*Task*
Take the material below and extract the lines from the one with "7 in 1 Swim" through the one with "两大学科沉浸式观摩课例:5月", word for word, without pictures.

*Data provided*
»»
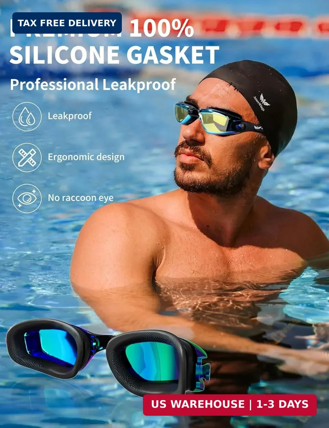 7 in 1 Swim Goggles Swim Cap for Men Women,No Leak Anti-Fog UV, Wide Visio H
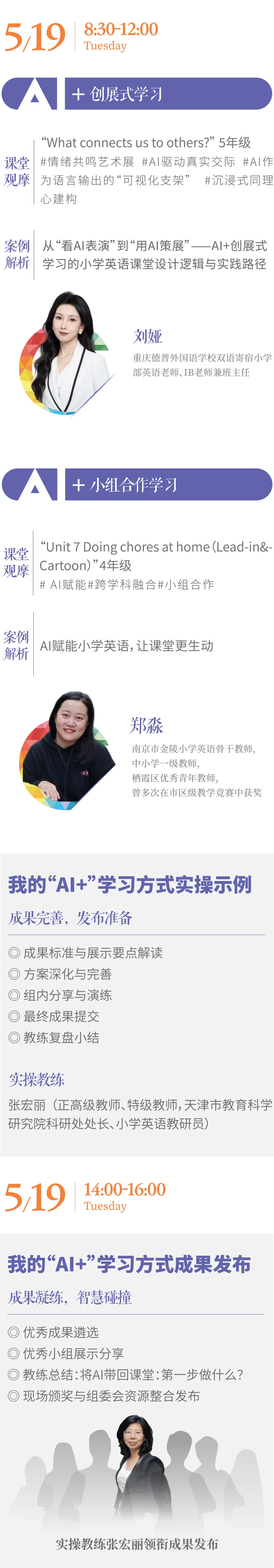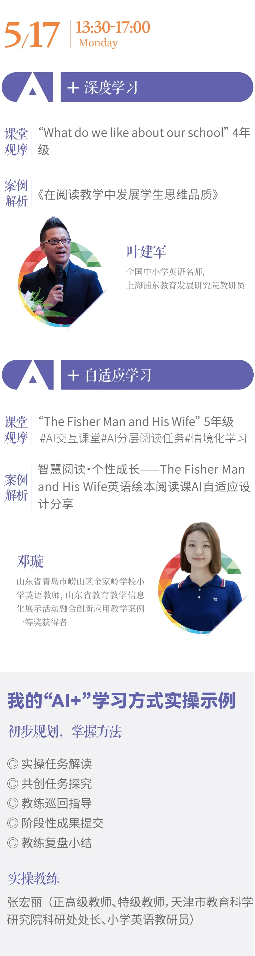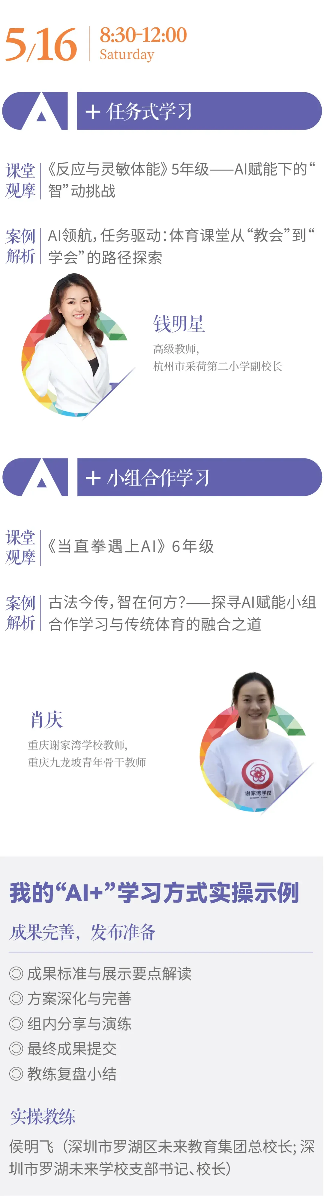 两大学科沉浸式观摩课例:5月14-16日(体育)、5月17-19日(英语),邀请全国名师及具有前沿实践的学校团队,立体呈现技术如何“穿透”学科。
««
»»
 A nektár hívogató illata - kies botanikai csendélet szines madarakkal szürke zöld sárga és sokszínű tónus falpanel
««
*Answer to this exercise*
 7 in 1 Swim Goggles Swim Cap for Men Women,No Leak Anti-Fog UV, Wide Visio H
 两大学科沉浸式观摩课例:5月14-16日(体育)、5月17-19日(英语),邀请全国名师及具有前沿实践的学校团队,立体呈现技术如何“穿透”学科。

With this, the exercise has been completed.